限度額というのは、約2ヵ月で利用できる利用枠となります。例えば限度額100万円の場合、前月に70万円を利用したのであれば、今月は30万円しかカード決済できません。
ANAマイル還元率が最初から1%であることは非常に優れています。ただ、こうしたデメリットがあることは事前に理解しましょう。プラチナカードはないため、ビジネスでのカード決済額が月50万円以上ある個人事業主・法人には向いていないクレジットカードになります。
・JCBのゴールドカードだと審査基準は高い
なお、ビジネス初心者だとカード決済額が少ないために申し込む価値はあるものの、JCBのゴールドカードなので審査基準がそれなりに高めという欠点があります。
一般カードであれば起業直後の会社でも問題なくクレジットカードを発行できます。ただ、ANA JCB法人カード ワイドゴールドはゴールドカードになるので、ビジネス実績の少ない個人事業主や会社だと審査が厳しくなると考えましょう。
ANAラウンジやプライオリティ・パスは付かない
なお、日本ではあらゆる空港にANAラウンジがあります。全日空の上級会員になればANAラウンジに入れるようになりますが、ANA JCB法人カード ワイドゴールドを保有していたとしてもANAラウンジは利用できません。
さらには、国際線にはグレードの高いVIPラウンジとして「プライオリティ・パスで入れる空港ラウンジ」があります。クレジットカードの種類によってプライオリティ・パスを無料で発行できますが、ANA JCB法人カード ワイドゴールドはプライオリティ・パスには対応していません。
そのため、「ゴールドカードラウンジを超えるハイクラスの空港ラウンジを利用することはできない」と考えるようにしましょう。
・ANAのスーパーフライヤーズで法人カードは存在しない
ちなみに、全日空の上級会員(スーパーフライヤーズ)になっている人であれば、個人クレジットカードとしてスーパーフライヤーズカードを保有していると思います。
私もANAの上級会員であり、プラチナカードのスーパーフライヤーズカードを保有しています。
ただ、全日空のスーパーフライヤーズカードは個人カードしか存在しません。法人カードを作ることはできず、ビジネスカードで全日空が発行する法人カードとなるとANA JCB法人カード ワイドゴールドの一択になるのです。
カードのスペックが優れたビジネスカードを利用する
それでは、ビジネス初心者であっても問題なく利用することができ、さらにはマイル還元率の高い法人カードとしては何があるのでしょうか。
このとき、ビジネスカードの中では以下の法人カードを選択するといいです。
- ANA JCB法人カード ワイドゴールド:ANAマイル還元率1.0~1.075%
審査基準やカード利用枠など、さまざまな点を考慮して申し込む法人カードを選ぶようにしましょう。以下のようになっています。
ANA JCB法人カード ワイドゴールド
あらゆる法人カードの中でも、最も効率的にANAマイルを貯めることのできる法人カートがANA JCB法人カード ワイドゴールドです。ANAマイルの還元率は1.075%です。
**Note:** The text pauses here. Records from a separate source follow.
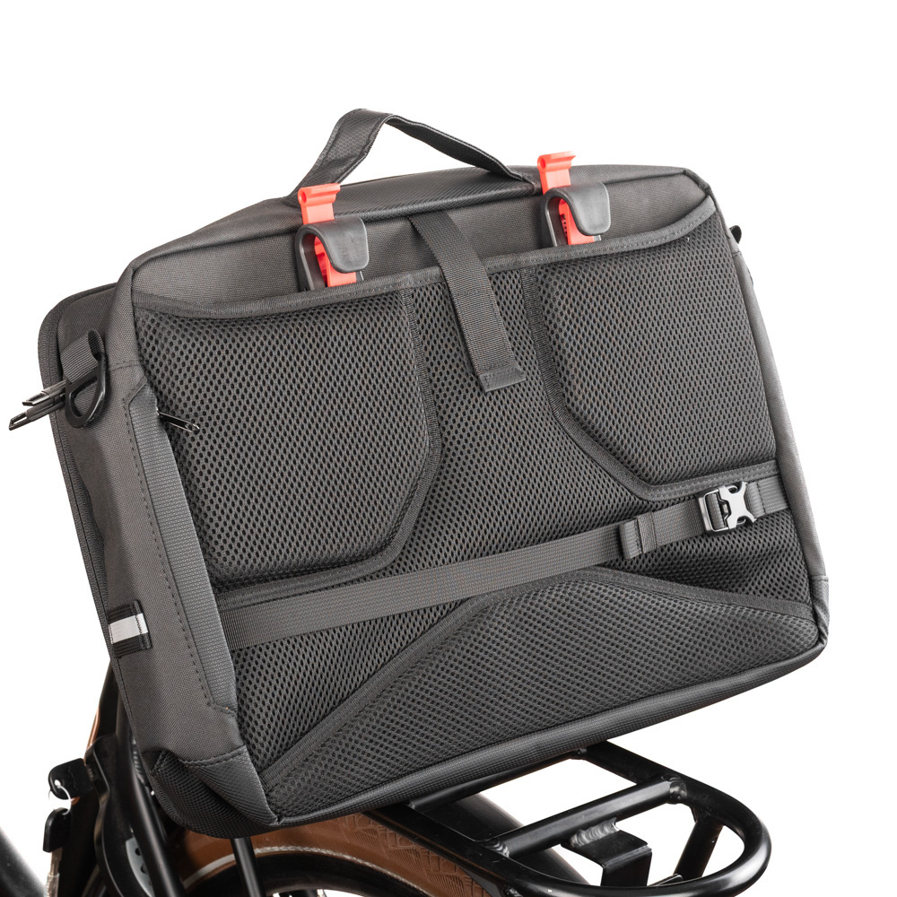 Met het KLICKfix Modul Rail-systeem is de fietstas gemakkelijk te bevestigen aan de drager van de fiets. De verschuifbare haken zijn geschikt voor dragers met een buisdikte tussen 8 en 16 millimeter. Wanneer u de rail niet gebruikt, kunt u deze gemakkelijk verwijderen. Onderaan de tas zit een band waarmee de fietstas extra stabiel aan de drager kan worden vastgemaakt. Op de bestemming aangekomen? Dan verbergt u de haken in het gewatteerde rugpaneel. De Office Bag kan gedragen worden aan het handvat bovenaan, of aan de comfortabele afneembare schouderband.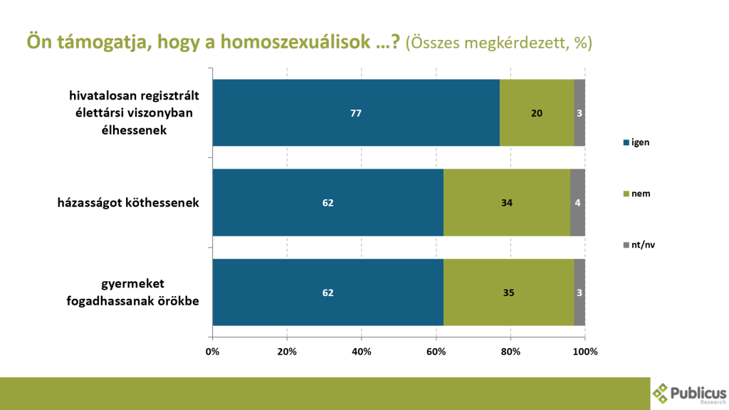 A megkérdezettek háromnegyede (77 százalék) támogatja, hogy a homoszexuálisok hivatalosan regisztrált élettársi viszonyban élhessenek.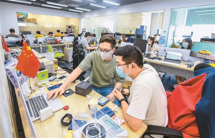 走進(jìn)工場(chǎng),生機(jī)與活力撲面而來。位于19樓東南角的舒糖訊息科技(深圳)有限公司CEO何耀威,正在調(diào)試一款形似智能手表的血糖測(cè)試儀。這款通過最新的光譜技術(shù)及心電圖技術(shù),將血糖指數(shù)通過藍(lán)牙快速傳輸?shù)绞謾C(jī)上,實(shí)現(xiàn)無創(chuàng)監(jiān)測(cè)的儀器,如今正逐步投放市場(chǎng)。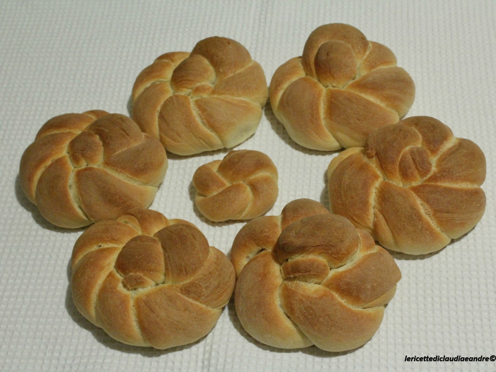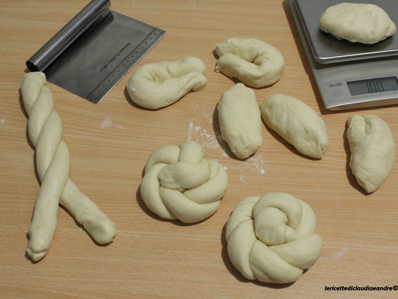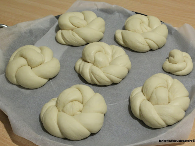 - A questo punto dividere l’impasto in pezzi da 100 g ciascuno, formare dei filoncini e attorcigliare due a due arrotolandoli nel modo da dare la forma alla pagnotta.(E’ rimasta anche un pezzo più piccolo da 45 g e ho fatto una più piccola )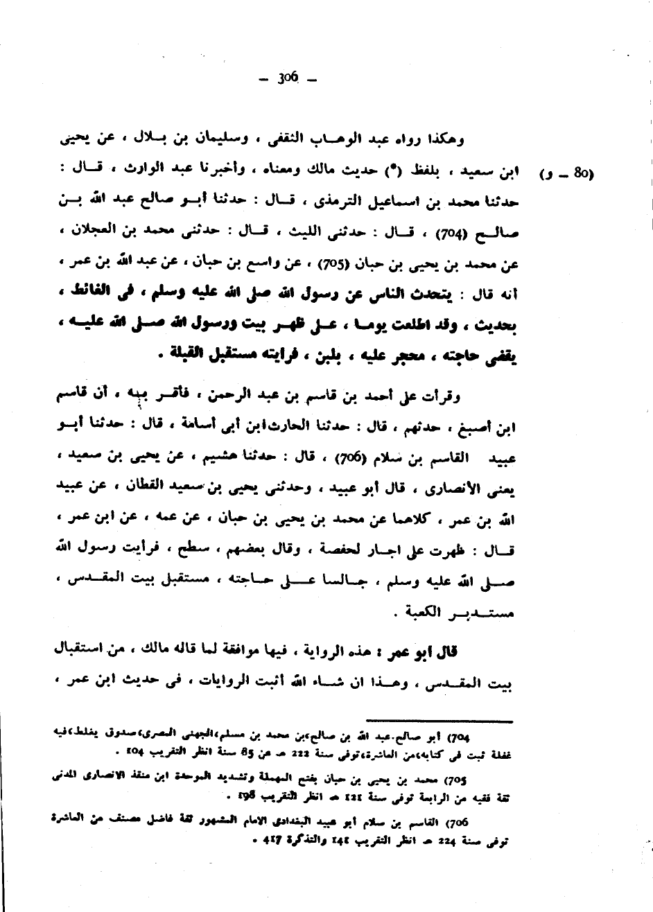 وَهَكَذَا رَوَاهُ عَبْدُ الْوَهَّابِ الثَّقَفِيُّ وَسُلَيْمَانُ بْنُ بلال عن يحيى ابن سَعِيدٍ بِلَفْظِ (*) حَدِيثِ مَالِكٍ وَمَعْنَاهُ وَأَخْبَرَنَا عَبْدُ الْوَارِثِ قَالَ حَدَّثَنَا مُحَمَّدُ بْنُ إِسْمَاعِيلَ التِّرْمِذِيُّ قَالَ حَدَّثَنَا أَبُو صَالِحٍ عَبْدُ اللَّهِ بْنُ صَالِحٍ قَالَ حَدَّثَنِي اللَّيْثُ قَالَ حَدَّثَنِي مُحَمَّدُ بْنُ الْعَجْلَانِ عَنْ مُحَمَّدِ بْنِ يَحْيَى بْنِ حِبَّانَ عَنْ وَاسِعِ بْنِ حِبَّانِ عَنْ عَبْدِ اللَّهِ بْنِ عُمَرَ أَنَّهُ قَالَ يَتَحَدَّثُ النَّاسُ عَنْ رَسُولِ اللَّهِ صَلَّى اللَّهُ عَلَيْهِ وَسَلَّمَ فِي الْغَائِطِ بِحَدِيثٍ وَقَدِ اطَّلَعْتُ يَوْمًا عَلَى ظَهْرِ بَيْتٍ وَرَسُولُ اللَّهِ صَلَّى اللَّهُ عَلَيْهِ وَسَلَّمَ يَقْضِي حَاجَتَهُ مُحَجَّرٌ عَلَيْهِ بِلَبِنٍ فَرَأَيْتُهُ مُسْتَقْبِلَ الْقِبْلَةِ وَقَرَأْتُ عَلَى أَحْمَدَ بْنِ قَاسِمِ بْنِ عَبْدِ الرَّحْمَنِ فَأَقَرَّ بِهِ أَنَّ قَاسِمَ ابن أصبغ حدثهم قال حدثنا الحارث ابن أَبِي أُسَامَةَ قَالَ حَدَّثَنَا أَبُو عُبَيْدٍ الْقَاسِمُ بْنُ سَلَّامٍ قَالَ حَدَّثَنَا هُشَيْمٌ عَنْ يَحْيَى بْنِ سَعِيدٍ يَعْنِي الْأَنْصَارِيَّ قَالَ أَبُو عُبَيْدٍ وَحَدَّثَنِي يَحْيَى بْنُ سَعِيدٍ الْقَطَّانُ عَنْ عُبَيْدِ اللَّهِ بْنِ عُمَرَ كِلَاهُمَا عَنْ مُحَمَّدِ بْنِ يَحْيَى بْنِ حِبَّانَ عَنْ عَمِّهِ عَنِ ابْنِ عُمَرَ قَالَ ظَهَرْتُ عَلَى أَجَارٍ لِحَفْصَةَ وَقَالَ بَعْضُهُمْ سَطْحٍ فَرَأَيْتُ رَسُولَ اللَّهِ صَلَّى اللَّهُ عَلَيْهِ وَسَلَّمَ جَالِسًا عَلَى حَاجَتِهِ مُسْتَقْبِلَ بَيْتِ الْمَقْدِسِ مُسْتَدْبِرَ الْكَعْبَةِ قَالَ أَبُو عُمَرَ هَذِهِ الرِّوَايَةُ فِيهَا مُوَافَقَةٌ لِمَا قَالَهُ مَالِكٌ مِنِ اسْتِقْبَالِ بَيْتِ الْمَقْدِسِ وَهَذَا إِنْ شَاءَ اللَّهُ أَثْبَتُ الرِّوَايَاتِ فِي حَدِيثِ ابْنِ عُمَرَ

マイル還元率が最高レベルのため、ANAマイルを貯めたい人にとって最適な法人カードです。
ただ注意点として、マイル以降での年会費を考えるとき、必ずゴールドカードでなければいけません。またJCBのゴールドカードなので、審査基準は高いです。それでいて、そこまで限度額が高いわけではありません。
そのため「個人事業主時代を含めて、既に何年も経営している」「カード利用額が月に50万円以下」などの上限を満たす必要はありますが、その場合はANAマイル還元率に優れた法人カードといえます。